Top of DATA LISTING

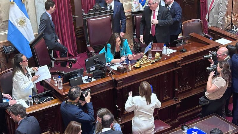 “Señores senadores, en el día de ayer acordamos en reunión de bloques que no iba a haber discursos en la sesión de hoy”, explicó Villarruel.
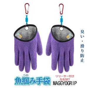 魚用 手袋 フィッシング グローブ 魚 グリップ 魚掴み 両手セット マグネットリリーサー 磁石 滑り 防止 カラビナ パープル 臭い 防止 右手 左手 MAGGYOGRIP
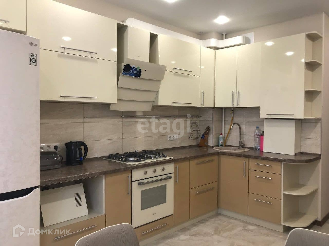 Квартира светлая, уютная, красивая, полностью обставлена хорошей, новой мебелью и необходимой техникой. Кондиционеры, телевизоры, стиральная машинка, на кухне холодильник LG, варочная поверхность, духовка, вытяжка.
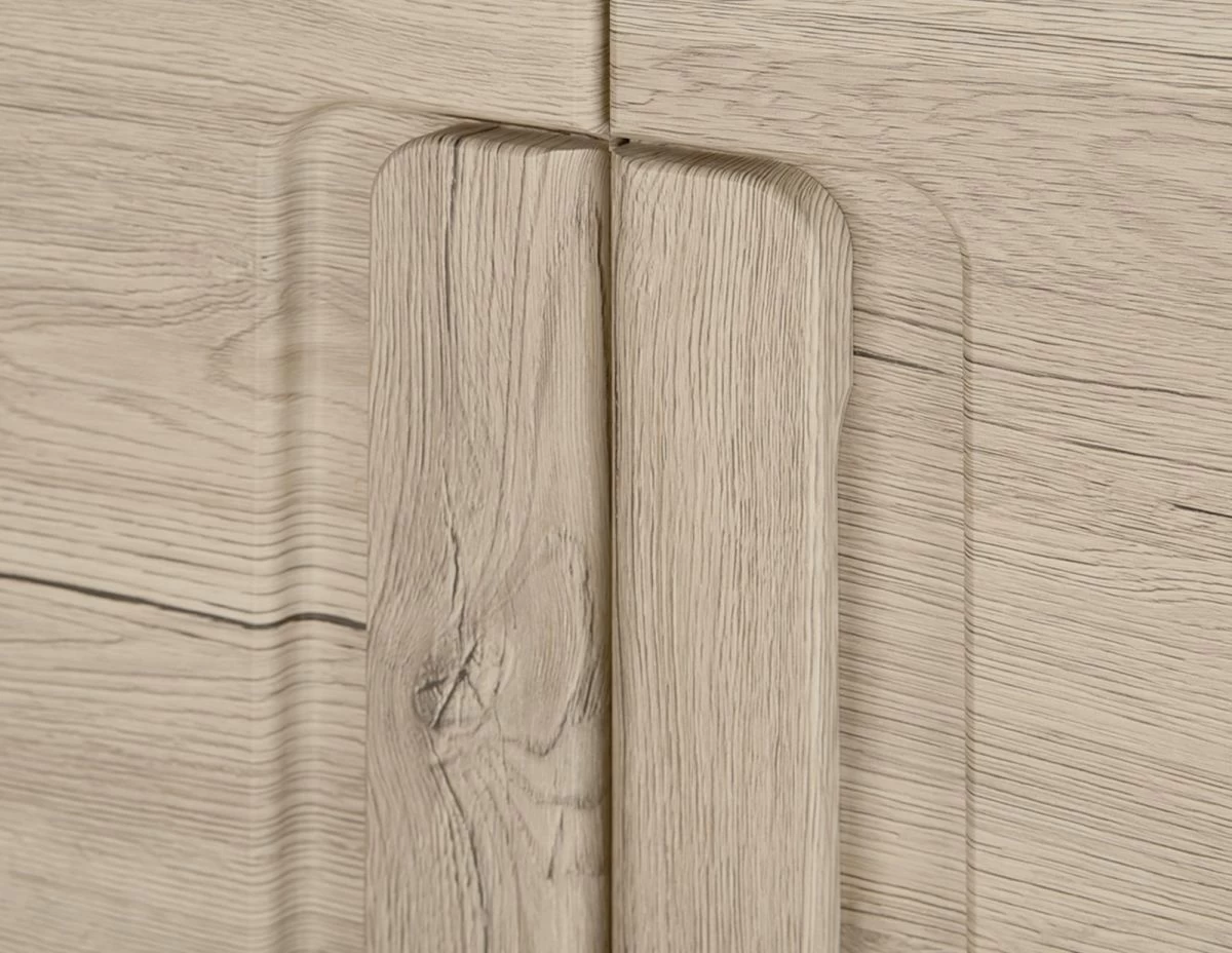 Das Flur Garderobe Set „Malea“ Eiche San Remo hell Komplettset 6-teilig ist in einem angesagten Naturstil gestaltet. Die gemaserte Holzoptik in bester 3D Struktur zieht automatisch immer wieder die Blicke auf sich. Dazu gesellen sich moderne Holzgriffleisten in Griffmulden, die dem Öffnen und Schließen der verschiedenen Türen dienen. Im Innern des mehrteiligen Sets lassen sich Mäntel und Jacken, Schirme und Schuhe, Mützen und Taschen verstauen. Türen und Schübe öffnen und schließen dank der hochwertigen Scharniere sanft und leise.
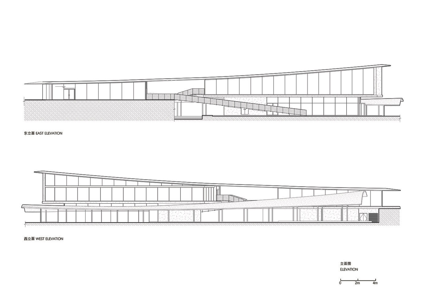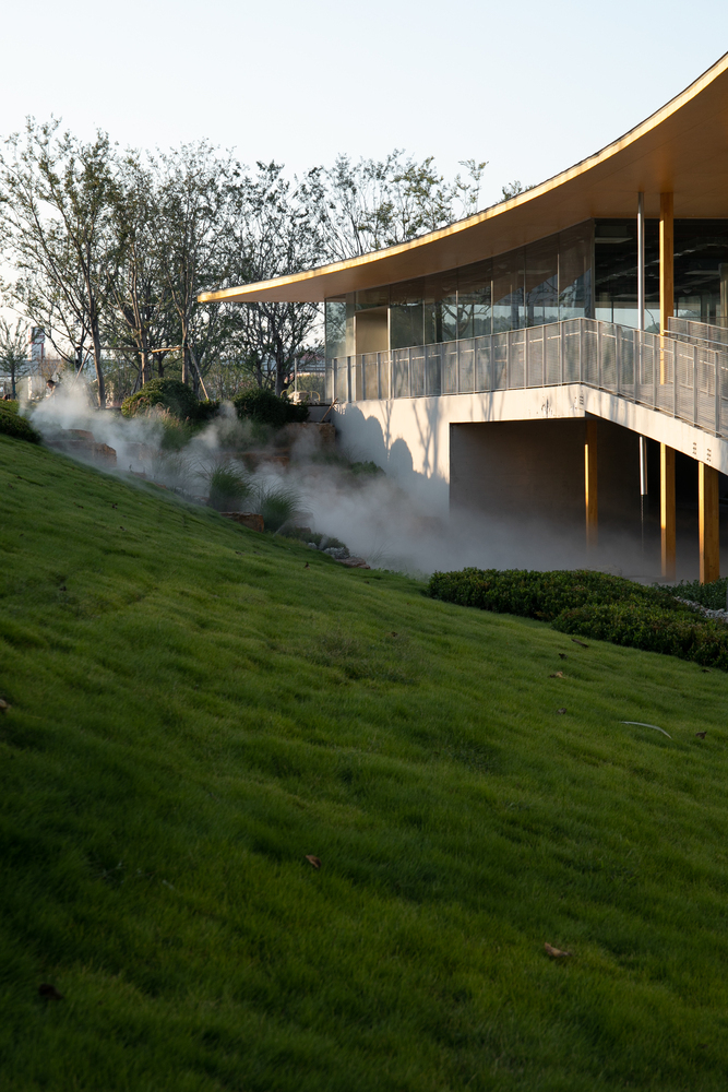 Архитектурная форма реагирует на ландшафт набережной линейными вариациями, придавая ему напряжённость и динамизм. Здание спроектировано таким образом, чтобы "перетекать", "растягиваться", "поворачиваться" и "открываться" в соответствии с естественной текстурой, взаимодействуя с рельефом ландшафта для усиления пространственной целостности и жизнеспособности. Нарушая традиционные границы между архитектурой и ландшафтом, дизайн позволяет зелёным насаждениям парка за пределами здания активно взаимодействовать с интерьером в любое время года, создавая непрерывные условия для активного отдыха.

Bottom of DATA LISTING

> _WORK REQUIRED_:
What you return must be every entry, word for word, without any pictures.

> _RESPONSE TO THIS TASK_:
 “Señores senadores, en el día de ayer acordamos en reunión de bloques que no iba a haber discursos en la sesión de hoy”, explicó Villarruel.
 魚用 手袋 フィッシング グローブ 魚 グリップ 魚掴み 両手セット マグネットリリーサー 磁石 滑り 防止 カラビナ パープル 臭い 防止 右手 左手 MAGGYOGRIP
 Квартира светлая, уютная, красивая, полностью обставлена хорошей, новой мебелью и необходимой техникой. Кондиционеры, телевизоры, стиральная машинка, на кухне холодильник LG, варочная поверхность, духовка, вытяжка.
 Das Flur Garderobe Set „Malea“ Eiche San Remo hell Komplettset 6-teilig ist in einem angesagten Naturstil gestaltet. Die gemaserte Holzoptik in bester 3D Struktur zieht automatisch immer wieder die Blicke auf sich. Dazu gesellen sich moderne Holzgriffleisten in Griffmulden, die dem Öffnen und Schließen der verschiedenen Türen dienen. Im Innern des mehrteiligen Sets lassen sich Mäntel und Jacken, Schirme und Schuhe, Mützen und Taschen verstauen. Türen und Schübe öffnen und schließen dank der hochwertigen Scharniere sanft und leise.
 Архитектурная форма реагирует на ландшафт набережной линейными вариациями, придавая ему напряжённость и динамизм. Здание спроектировано таким образом, чтобы "перетекать", "растягиваться", "поворачиваться" и "открываться" в соответствии с естественной текстурой, взаимодействуя с рельефом ландшафта для усиления пространственной целостности и жизнеспособности. Нарушая традиционные границы между архитектурой и ландшафтом, дизайн позволяет зелёным насаждениям парка за пределами здания активно взаимодействовать с интерьером в любое время года, создавая непрерывные условия для активного отдыха.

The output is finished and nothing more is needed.